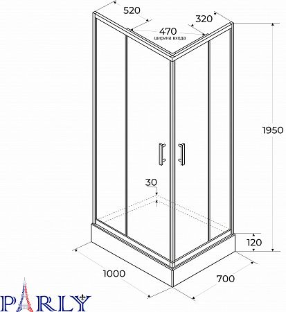 Душевой уголок с поддоном PARLY QZ71B N (70х100х195)
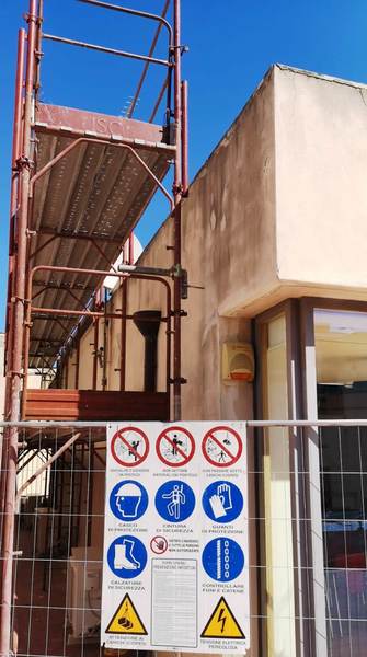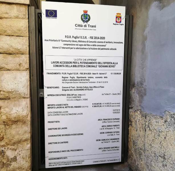 Alla biblioteca comunale di Trani sono comparsi il cartello dei lavori ed anche le prime impalcature: pertanto, almeno una parte della Giovanni Bovio è un cantiere.
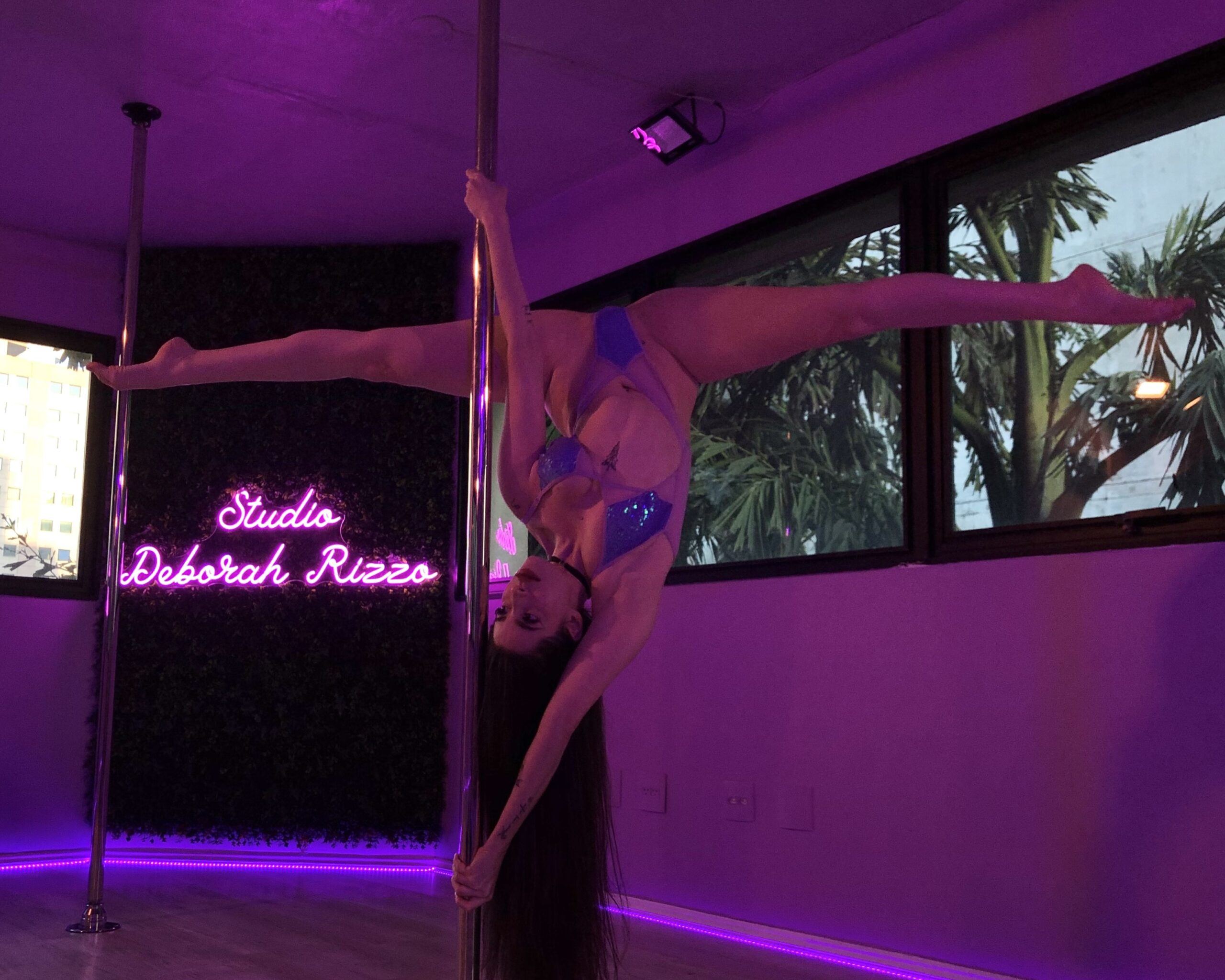 O Pole Acrobático é uma aula técnica, com foco no aprendizado das bases, travas, acrobacias e movimentos que vão do iniciante ao avançado.
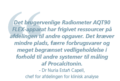 “Det brugervenlige Radiometer AQT90 FLEX-apparat har frigivet ressourcer på afdelingen til andre opgaver. Apparatet kræver mindre plads, færre forbrugsvarer og meget begrænset vedligeholdelse i forhold til andre systemer til måling af Procalcitonin.
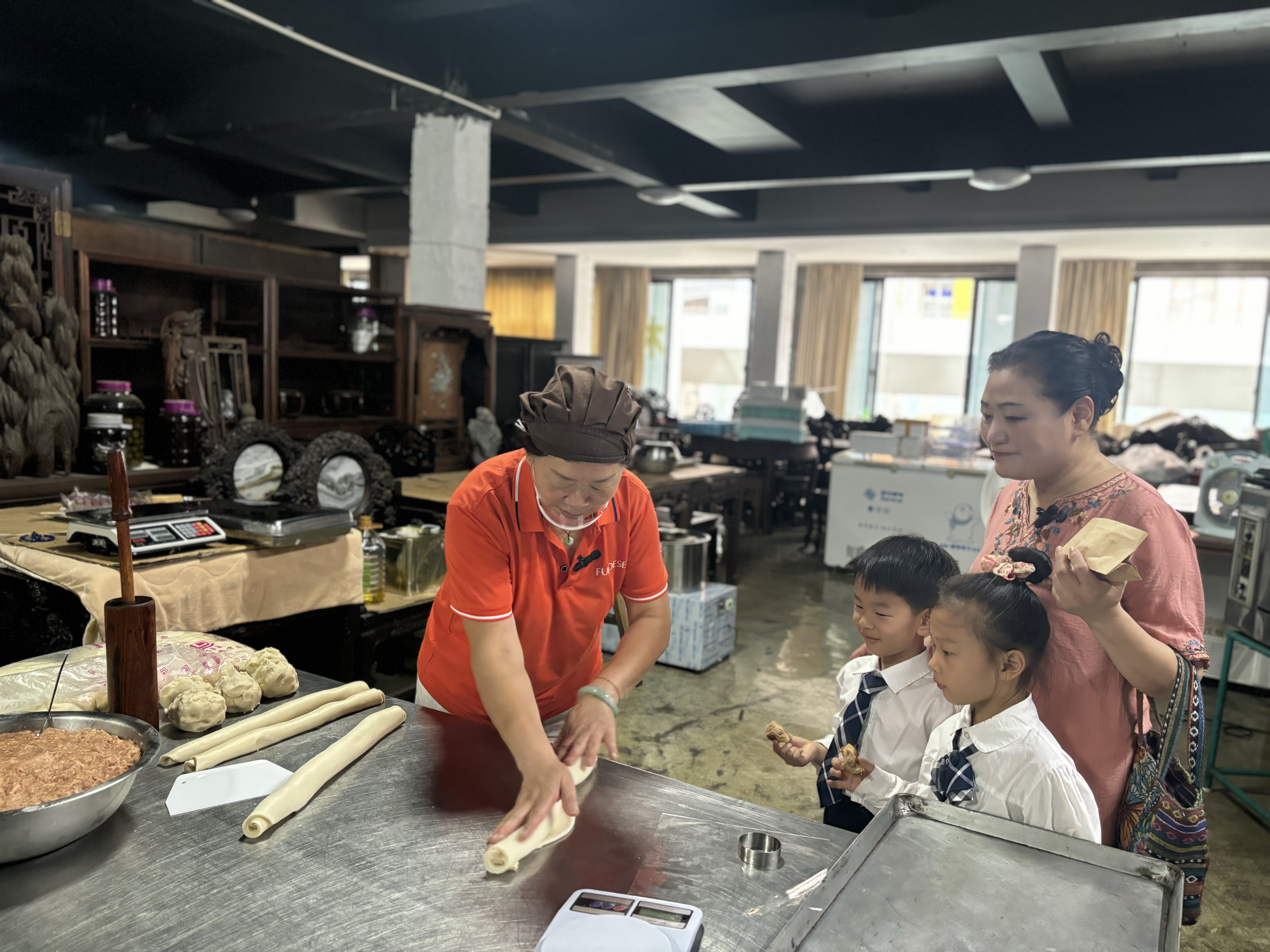 活动中,殷奶奶牵着囡囡们的手漫步精严寺街。大家首先来到奶奶常去的小吃店,品尝嘉兴特色肉月饼。老板递上刚出炉的肉月饼,孩子们捧着热乎乎的月饼,吹一吹小心品尝一口,纷纷感叹 “外皮好酥”“肉汁好鲜”。殷奶奶还向孩子们介绍,嘉兴肉月饼以 “现烤现吃” 闻名,新鲜猪肉搭配虾仁、榨菜,是刻在嘉兴人记忆里的中秋味道。随后,老板向囡囡们介绍肉月饼的制作过程。
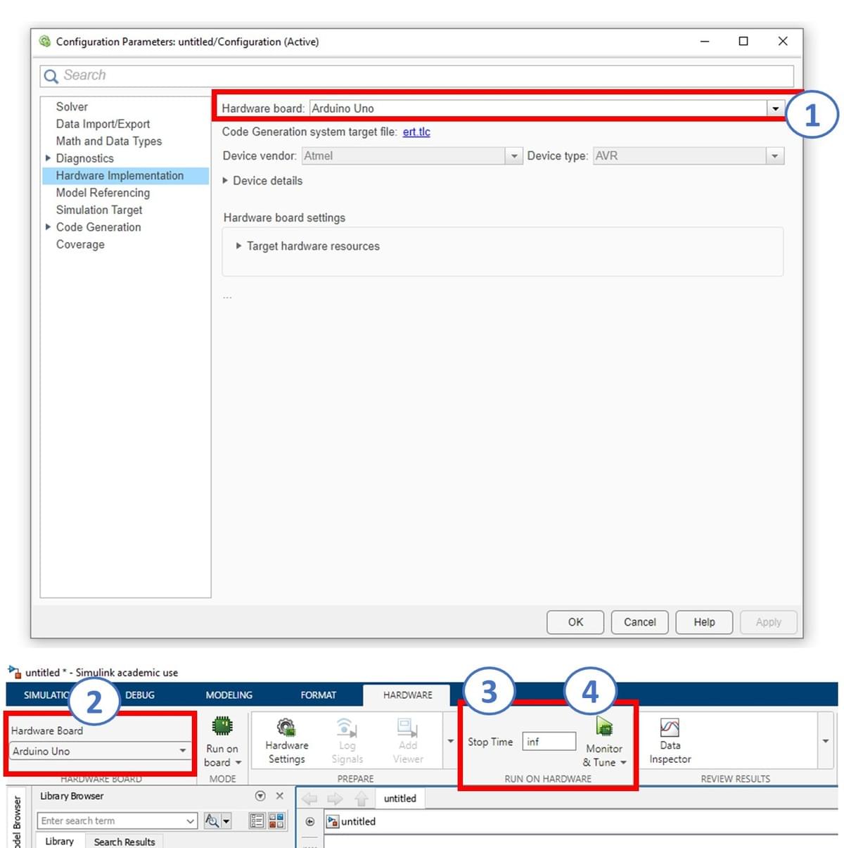 - From the left-hand menu, select Hardware Implementation. Under Hardware board, choose Arduino Uno from the list, then click Apply and OK (1). Note that other boards can be used beyond that of the Ardruino Uno.
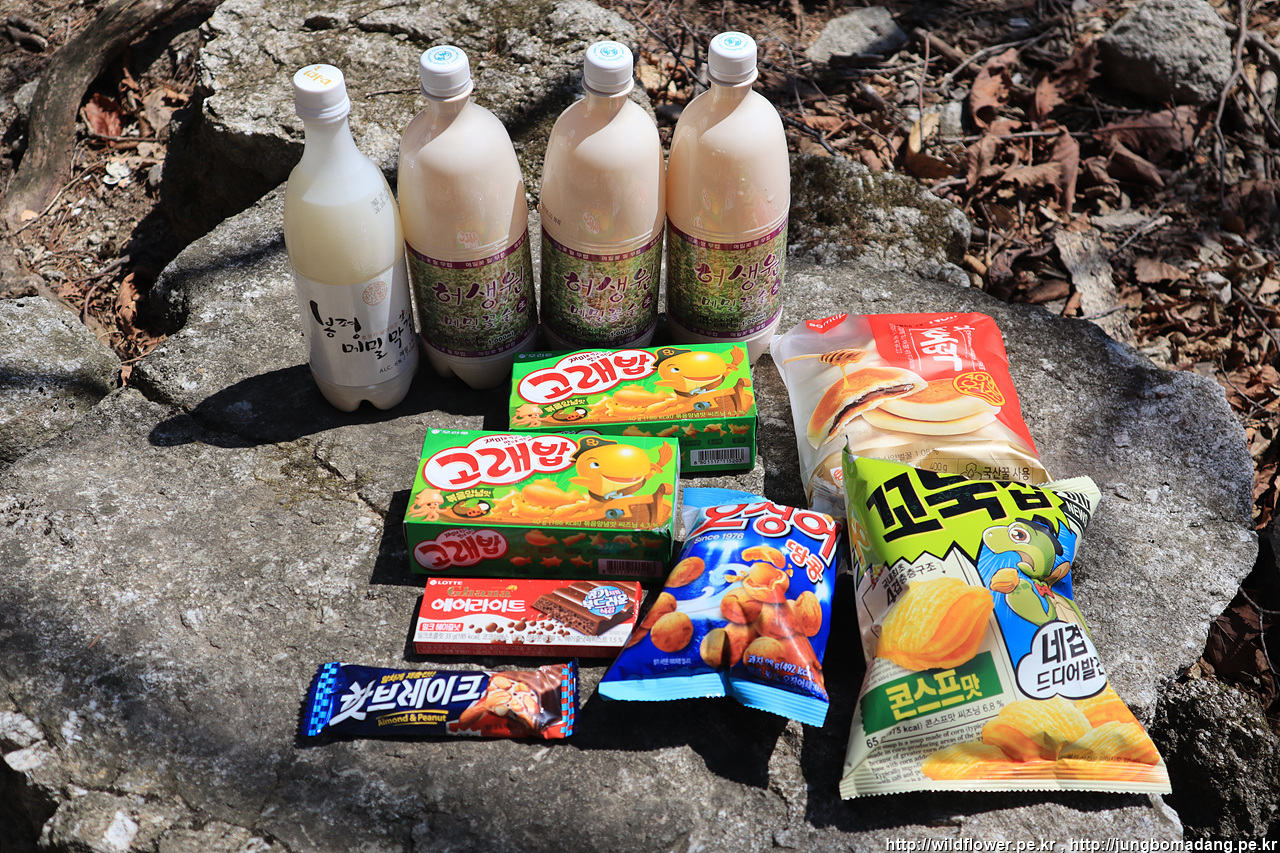 쉬어가기 좋은 반듯한 바윗돌 위에 자리 잡습니다. 하나로마트에서 턴 물건들... 고래밥은 집에서.
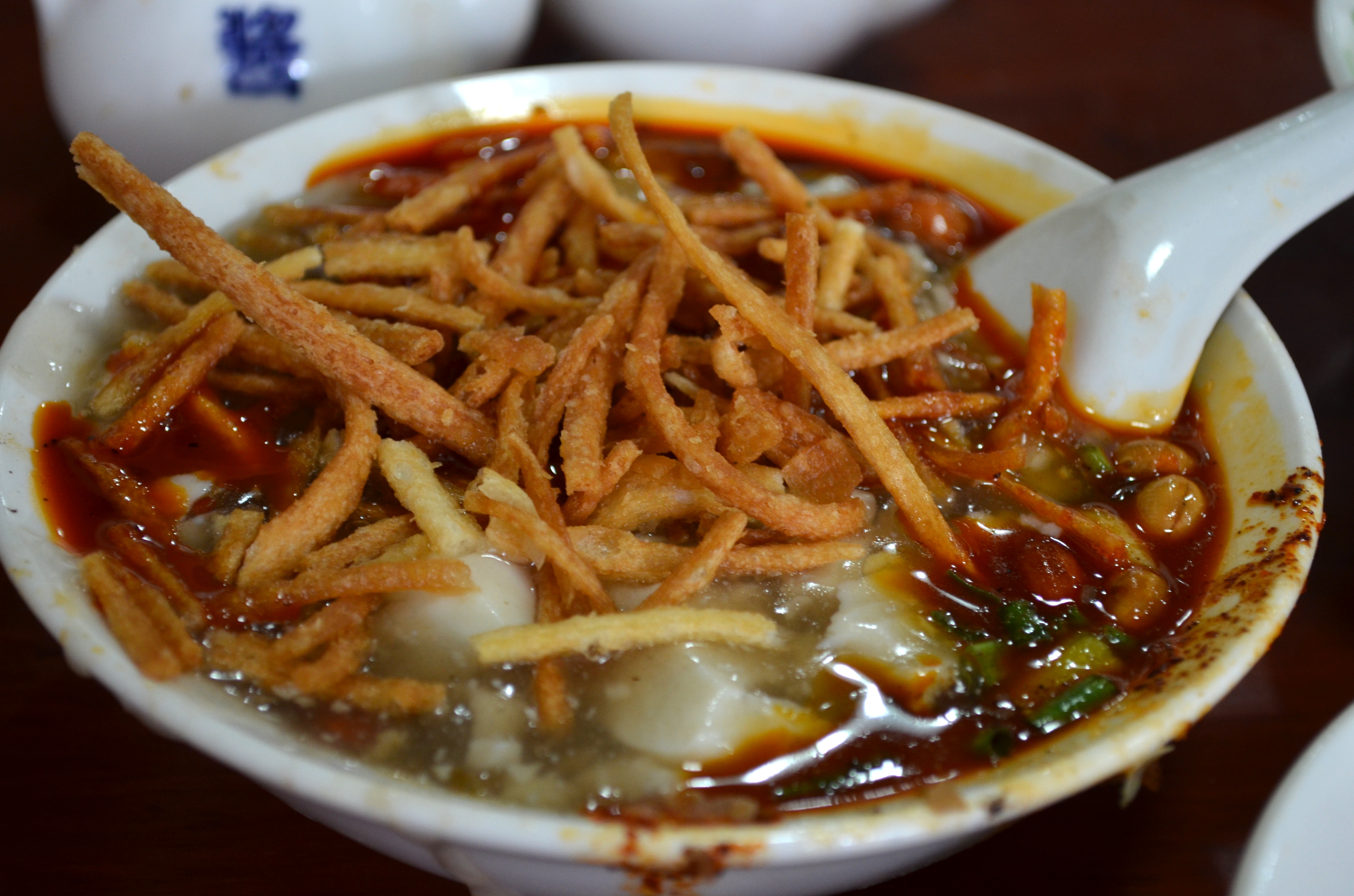 Xiao Tan Douhua (小谭豆花, Dianping) is a celebrated snack shop in Sichuan, churning out many of the classic Sichuan small plates, like red-oil dumplings (抄手) and dan dan noodles (担担面), that you’ll see on even more traditional sit-down restaurants’ menus. The specialty here is their extra-soft tofu (豆花), which is featured either as soupy dishes both sweet and savory, or as meaningful additions to noodles.
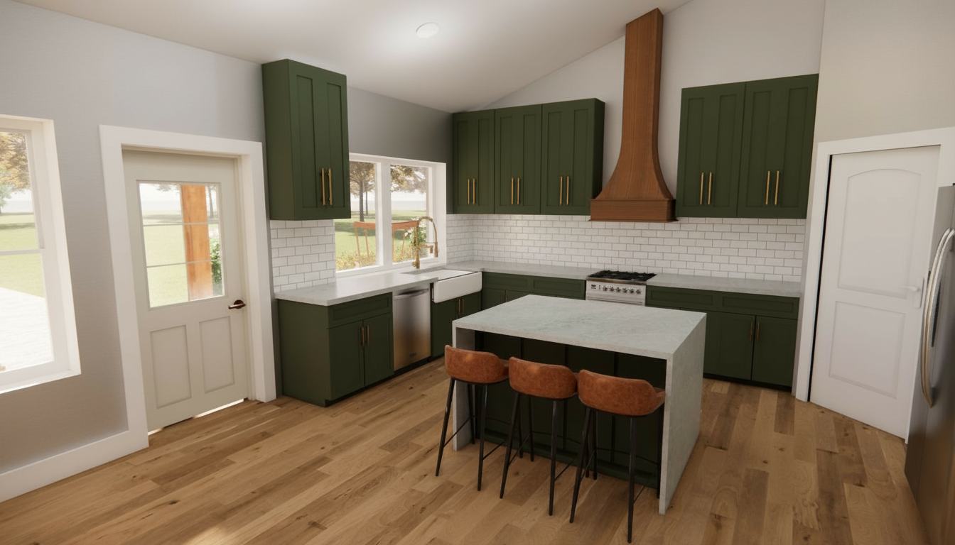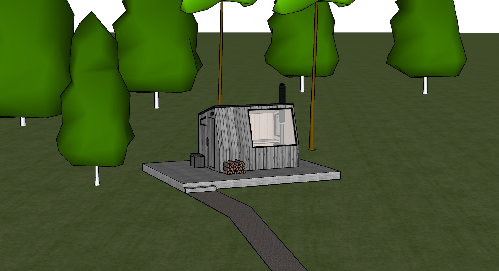 render a photorealistic 3d perspective of this sauna the current material style keep model geometry the same windows doors roof sky with light atmospheric depth render in hyper realistic architectural visualization quality 8k resolution

☆ ☆ ☆ ☆

» Your goal: The answer must be the lines above from the one containing "måling af Procalcitonin." through the one containing "쉬어가기 좋은 반듯한", reproduced exactly, with no pictures and nothing else.

» Exercise answer:
 “Det brugervenlige Radiometer AQT90 FLEX-apparat har frigivet ressourcer på afdelingen til andre opgaver. Apparatet kræver mindre plads, færre forbrugsvarer og meget begrænset vedligeholdelse i forhold til andre systemer til måling af Procalcitonin.
 活动中,殷奶奶牵着囡囡们的手漫步精严寺街。大家首先来到奶奶常去的小吃店,品尝嘉兴特色肉月饼。老板递上刚出炉的肉月饼,孩子们捧着热乎乎的月饼,吹一吹小心品尝一口,纷纷感叹 “外皮好酥”“肉汁好鲜”。殷奶奶还向孩子们介绍,嘉兴肉月饼以 “现烤现吃” 闻名,新鲜猪肉搭配虾仁、榨菜,是刻在嘉兴人记忆里的中秋味道。随后,老板向囡囡们介绍肉月饼的制作过程。
 - From the left-hand menu, select Hardware Implementation. Under Hardware board, choose Arduino Uno from the list, then click Apply and OK (1). Note that other boards can be used beyond that of the Ardruino Uno.
 쉬어가기 좋은 반듯한 바윗돌 위에 자리 잡습니다. 하나로마트에서 턴 물건들... 고래밥은 집에서.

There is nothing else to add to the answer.